WHAT IS REQUIRED: A faithful copy is required of the lines from the top of the entries through the line that contains "Hovedskalle i Rutilkvarts.", both included, with no pictures.

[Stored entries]
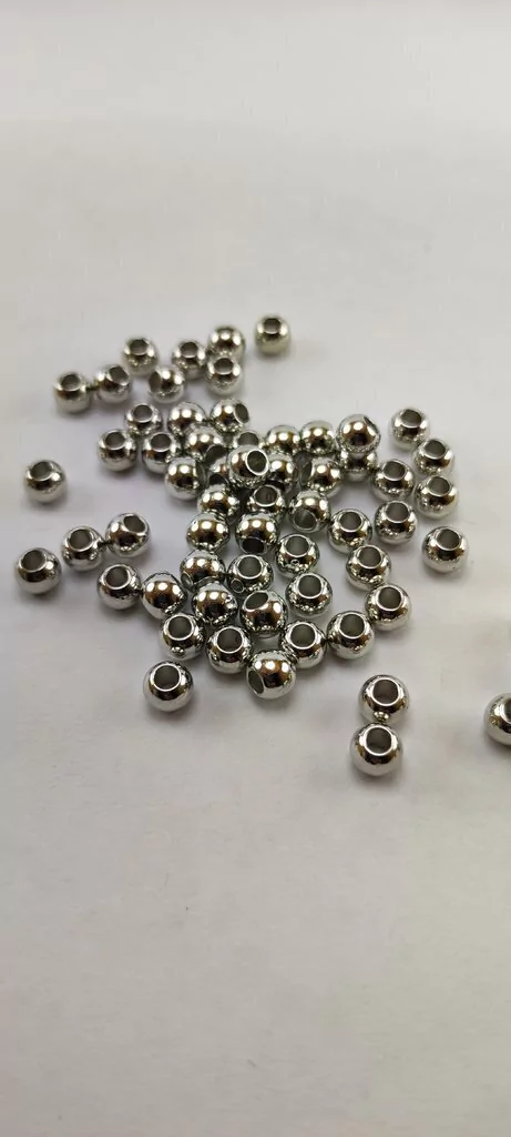 Cuentas plasticas abs.Color niquelado.Pase ancho.Precio por 25 gramos, 300 piezas aprox.
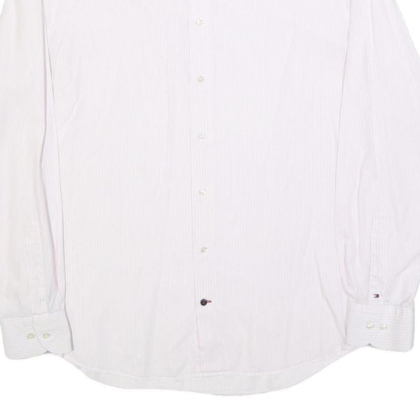 TOMMY HILFIGER Mens White Shirt L Smart Casual Button Detail Long Sleeve
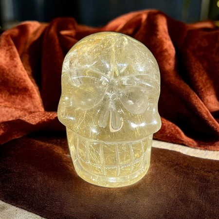 Hovedskalle i Rutilkvarts. Klar Kvarts med masse rutiler i. Denne veier 166 gram og er ca 4,5 cm høy.
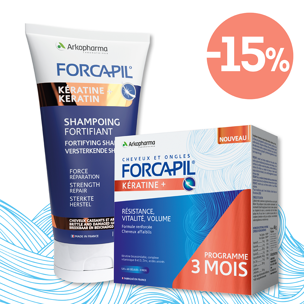 Három havi kezelésre elegendő Forcapil Keratin+ Hajerősítő és regeneráló kapszula, kiegészítve egy Forcapil Keratin+ hajregeneráló samponnal
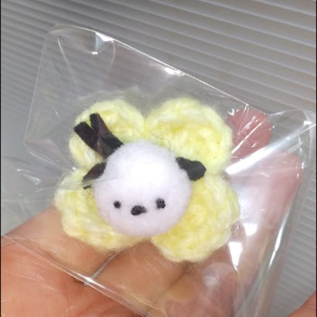 レース編みでお花の上に、ポンポンのシマエナガちゃんが可愛くちょこんと乗ってます♪
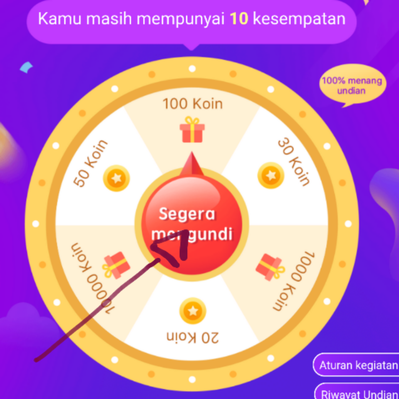 Akan ada 10 kesempatan untuk bermain. Rajinlah check in untuk mendapatkan kesempatan ini.
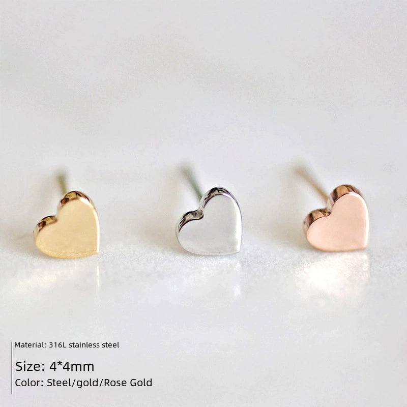 Simple Goldplated Stainless Steel Heart Shaped Ladies Earrings New Accessories Wholesale
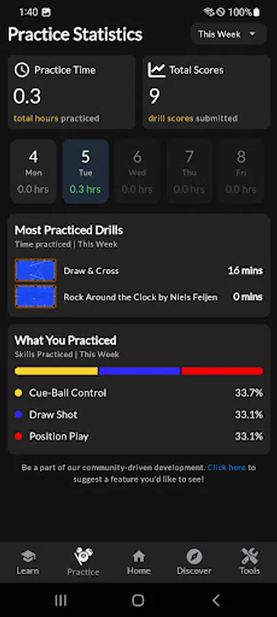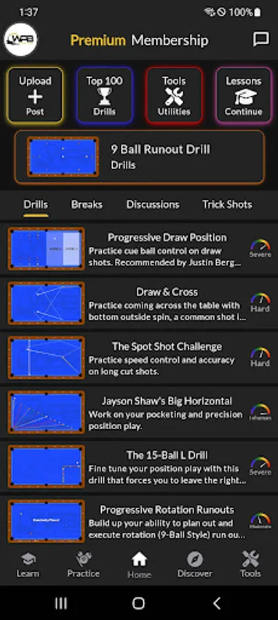 Access over 100 drills that are designed to help you improve specific skills. No need to mindlessly throw balls on the table and shoot them in no particular order. Drills give you a specific layout, with directions, but it won't feel like you are practicing alone as you compete to get onto the top of the weekly leaderboard.
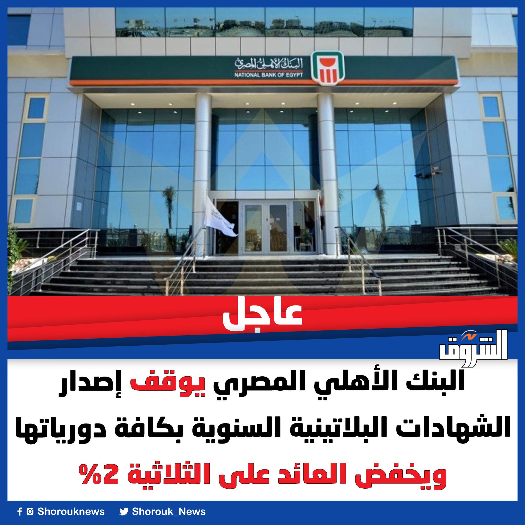 البنك الأهلي المصري يوقف إصدار الشهادات البلاتينية السنوية بكافة دورياتها ويخفض العائد على الثلاثية 2%
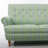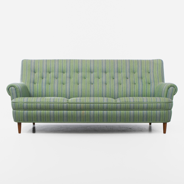 CARL MALMSTEN, soffa, "Hemmakväll", AB O.H. Sjögren, fast stoppad sits och rygg, randig klädsel, brickmärkt, tresits.
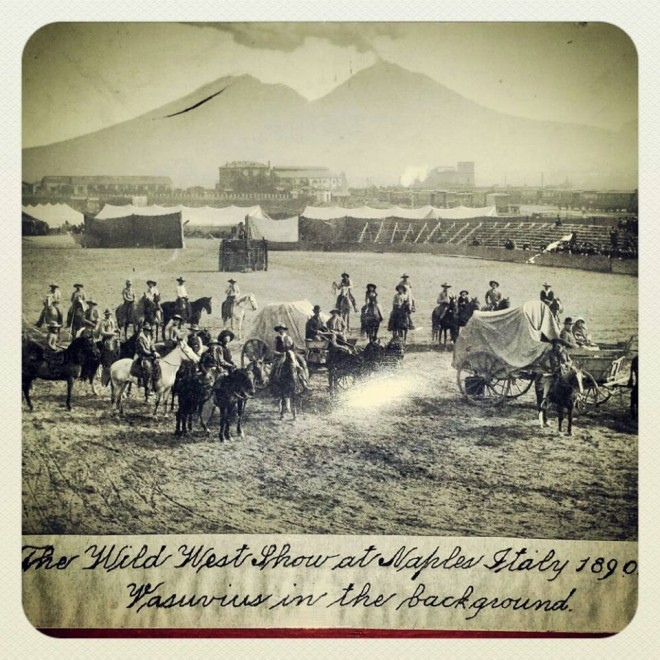 Il Corriere di Napoli in data 30-31 gennaio 1890 così annunciava ai partenopei l’arrivo di William Frederick Cody, in arte Buffalo Bill, nel capoluogo campano «La compagnia americana Buffalo Bill’s Wild West ha cominciato un corso di rappresentazioni al Corso Meridionale al Rione Vasto alla Ferrovia da lunedì 27 Gennaio alle ore 2,30 pom. La suddetta Compagnia si compone di 100 Indiani, 100 tiratori, cacciatori, cowboys e cavallerizzi. 200 animali; bufali selvaggi, cavalli, muli, ecc. comandati dal Col. W.F. Cody “Buffalo Bill”». Nonostante l’annuncio informasse la cittadinanza dell’arrivo dell’eroe del Vecchio West all’ombra del Vesuvio furono in pochi a crederci davvero.
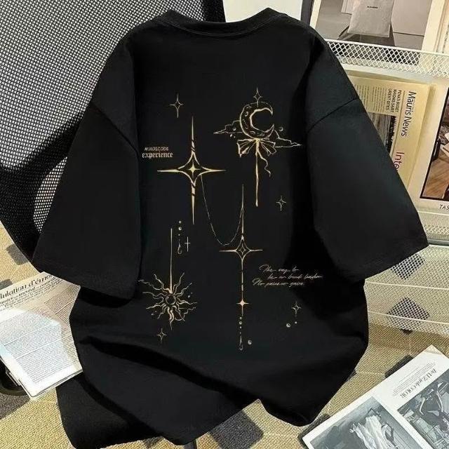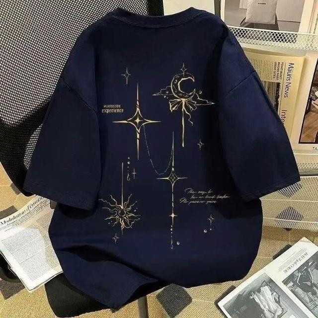 2026新款日月星辰印花100%不起球短袖T恤夏季男女百搭寬鬆上衣ins
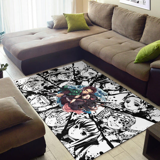 Demon Slayer Anime Tanjiro Protect Nezuko Vs Villains Black White Area Rug Home Decor
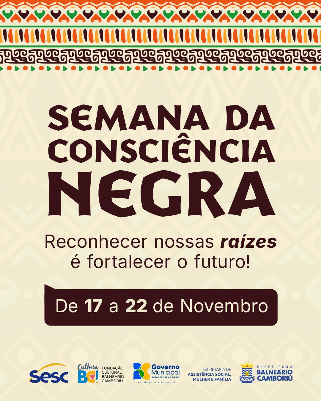 A Prefeitura de Balneário Camboriú, por meio da Secretaria de Assistência Social, Mulher e Família, promove, a partir desta segunda-feira (17), a Semana da Consciência Negra. A abertura do evento, de acesso livre pela comunidade, acontece às 19h no Teatro Municipal Bruno Nitz (Rua 300/esquina com a Avenida Central – Centro).
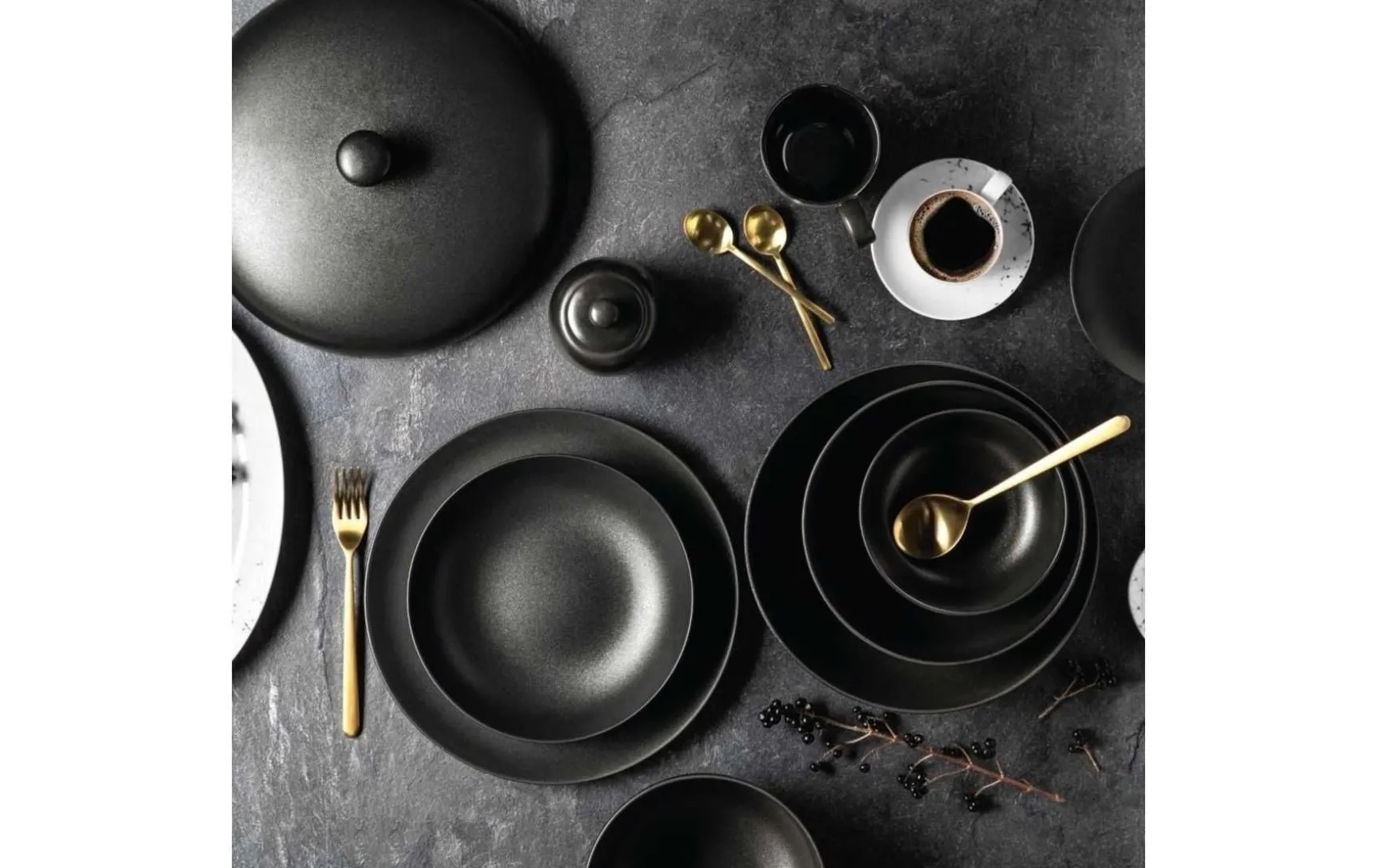 Mit dieser schwarzen Serie setzen Sie Ihre Gerichte ganz neu kontrastreich in Szene. Die schwarz schimmernde Farbe lässt Ihre Mahlzeit noch frischer erscheinen und bietet eine willkommene Abwechslung zu herkömmlichem weißen Porzellan. Durch die strukturiere Oberfläche ist die Serie nicht nur optisch ein absolutes Highlight. Das Motto hierbei lautet ganz klar: Nicht nur gucken, sondern auch anfassen!
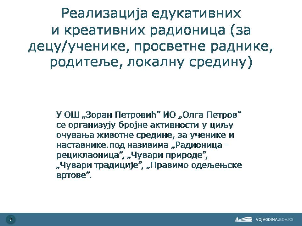 У оквиру вишегодишње, сада већ традиционалне манифестације, „Недеља руског дечијег филма-чаробни свет бајки”, која се одржава у Опову под окриљем Удружења „Србија у срцу - Русија у души” и Националног савета за руску националну мањину, поново је, као и претходних година, одржана едукативна радионица на тему „Васпитни утицај бајке на децу”. Радионица је реализована са свим ђацима ИО „Олга Петров” у Баранди. Учитељица Нада Кљајић је и ове године уз подршку свог колектива одржала радионицу. Циљ овог предавања се састојао у перманентном откривању васпитних сегмената и ситуација из руских бајки, као и у повезивању откривених поука на свакодневни живот. Сви ђаци су одслушали бајку „Маша и медвед”, водили разговор о утисцима које је бајка на њих оставила, а затим су даље по узрасту приступили реализацији нових активности. Најмлађи су добили задатак да цртају, глуме, игроказом са луткама препричају чуту бајку и измене јој крај док су старији ђаци имали за задатак да осмисле нову бајку помоћу предложених смерница, а касније сниме и видео. Смернице за осмишљавање бајки подразумевају везу са екологијом и очувањем животне средине.
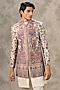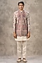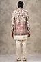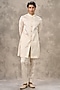 Featuring a cream indowestern in art silk base with thread embroidery. It is paired with a kurta and pants. Style it with mojaris for a reception, wedding, sangeet or engagement ceremony.
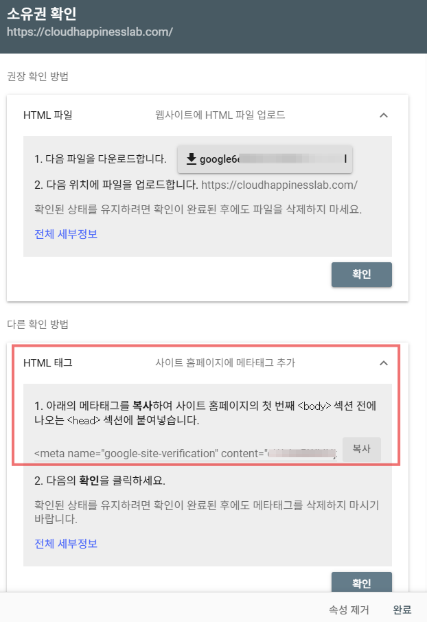- 사이트 소유 확인을 위해 제공되는 'HTML 태그'를 복사합니다.

WRITTEN SOLUTION:
 Cuentas plasticas abs.Color niquelado.Pase ancho.Precio por 25 gramos, 300 piezas aprox.
 TOMMY HILFIGER Mens White Shirt L Smart Casual Button Detail Long Sleeve
 Hovedskalle i Rutilkvarts. Klar Kvarts med masse rutiler i. Denne veier 166 gram og er ca 4,5 cm høy.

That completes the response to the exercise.